O estudo mais recente da Anjos do Brasil, uma entidade do setor, aponta que o volume de investimento-anjo no Brasil, em 2016, foi de R$ 851 milhões, um aumento de 9% ante o ano anterior. No período, o número de investidores caiu 3% (de 7.260 para 7.070), mas o ticket médio por investidor subiu (R$ 120 mil, 11% superior ao de 2015). Segundo a Anjos do Brasil, a crise não diminuiu o volume de investimentos porque, por se tratar de investimento em inovação, o investidor olha para o futuro e vai em frente.
Estímulos e desafios
Esses desses indicam tanto o aspecto positivo como os desafios vividos pelo ecossistema brasileiro. “Observamos pela pesquisa que os investidores ativos continuam crescendo e investindo mais. Em contrapartida, os investidores passivos vão em sentido oposto, retardando o crescimento do investimento-anjo no Brasil”, disse em outra oportunidade Cássio Spina, presidente da Anjos do Brasil. “Assim, é necessário que se promovam políticas de estímulo para os investidores, como as já praticadas nos EUA e vários países europeus, pois as startups dependem não só de capital financeiro, mas também intelectual que os investidores-anjo aportam”.

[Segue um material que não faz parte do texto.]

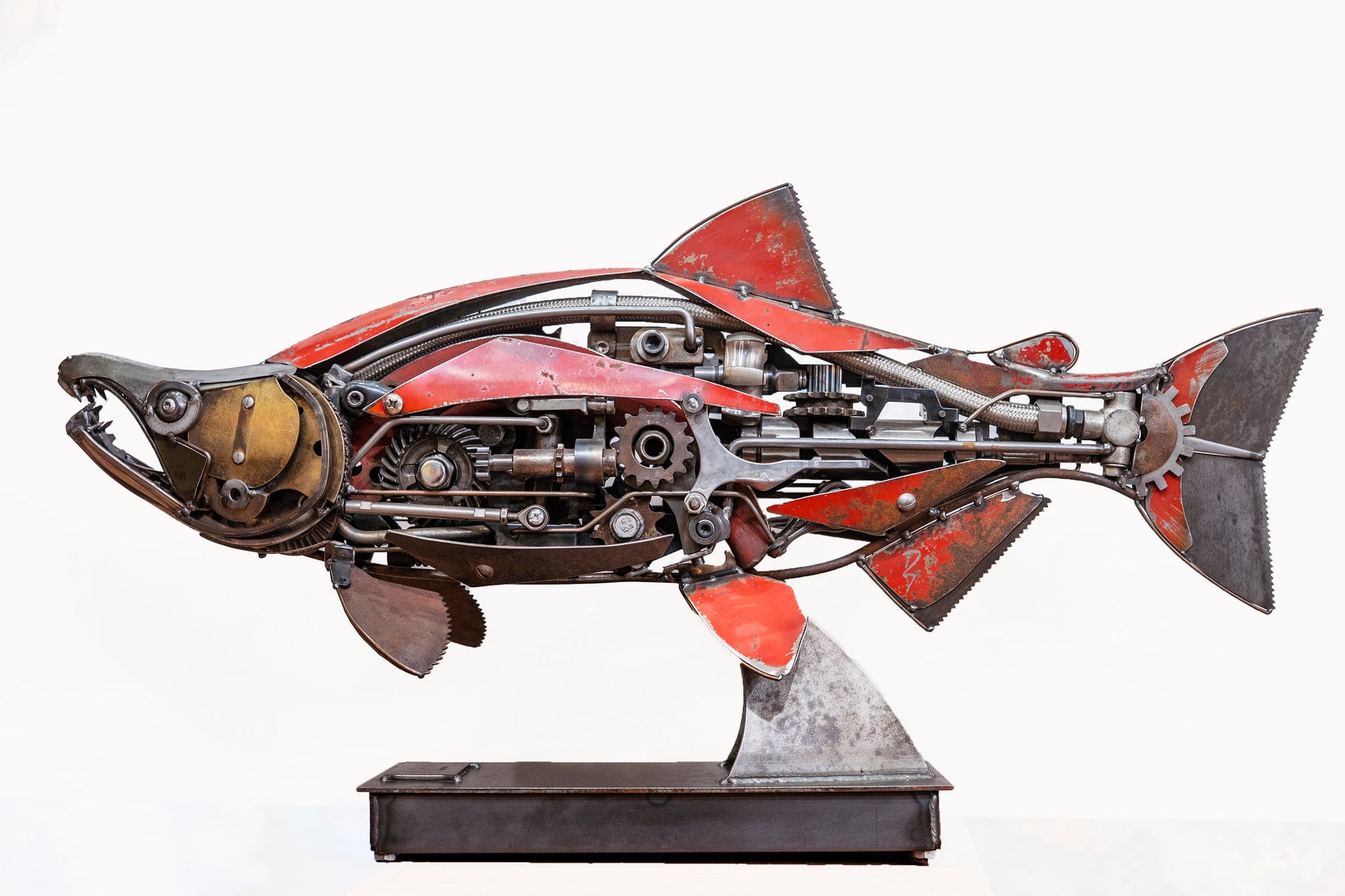 Driven – Industrial Metal Sockeye Salmon Sculpture by David Groenjes

Para acelerar os investimentos, a entidade vem tentando, perante o governo e deputados, emplacar medidas como incentivos fiscais, como a compensação de parte do investimento nos impostos devidos, assim como a isenção do tributo sobre o ganho de capital. “Sem esses estímulos, temos o risco de estagnar o crescimento do investimento-anjo em startups no Brasil, lembrando que, em comparação aos EUA e Europa, ainda representamos menos de 1% do que se faz por lá”, segundo Spina.

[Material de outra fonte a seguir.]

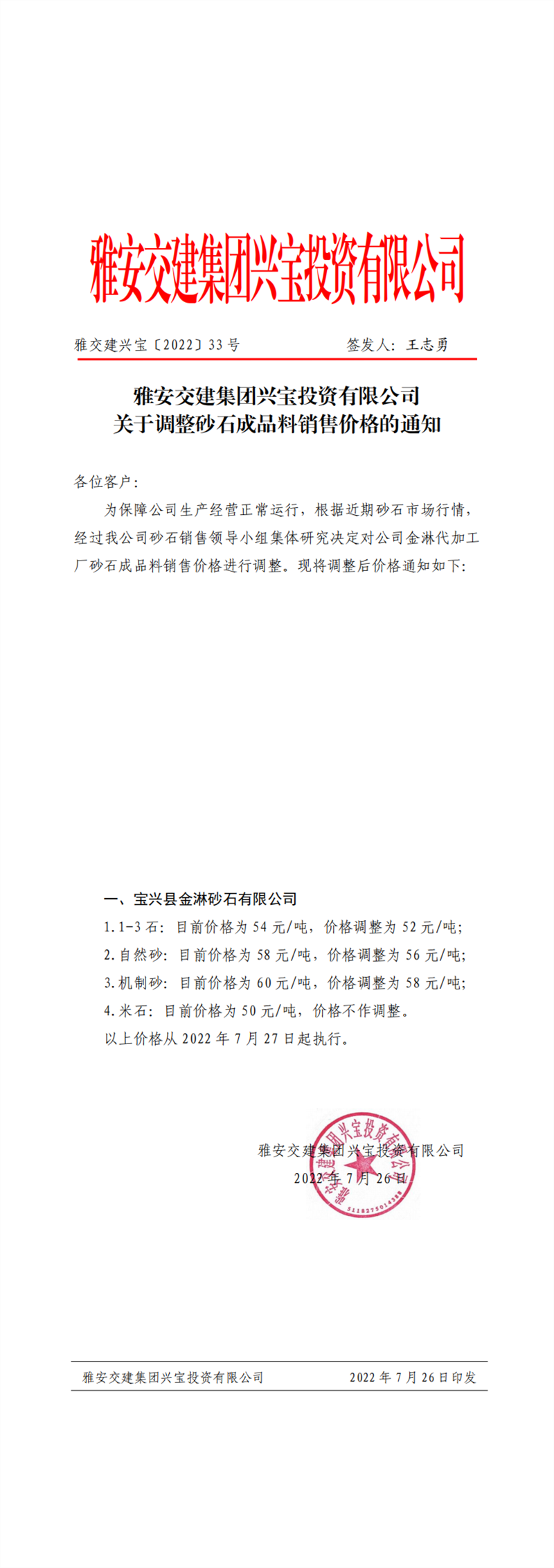 雅交建興寶〔2022〕33號 關(guān)于調(diào)整砂石成品料銷售價格的通知--7.27

No caso do setor AgTech, um ponto importante é que os investidores (ventures capital, aceleradoras e anjos, muitos deles acostumados com o mercado de tecnologia) tenham consciência de que este é um setor diferente dos demais. Não se pode esperar de uma startup agrícola o retorno no mesmo ritmo que uma nova empresa de games. AgTech também não é comércio eletrônico.
O retorno exigirá um prazo mais longo, assim como é diferente o processo de prototipagem e validação – é preciso, muitas vezes, esperar uma safra ou mais para validar um produto com um cliente, que é um produtor rural. Esse é um ponto especialmente crítico se pensarmos em novas empresas de biotecnologia, que precisam de investimentos consideráveis em pesquisa e desenvolvimento logo na largada.
Em todo caso, o balanço é positivo para o ecossistema de startups, incluindo o setor AgTech. Há o que comemorar. A jornada, no entanto, é longa e há muitas safras do meio no caminho. O mais importante, porém, é que, mesmo que aos trancos e barrancos e com as crises política e econômica do País nos últimos tempos, o empreendedorismo avança e fortalece. No campo também.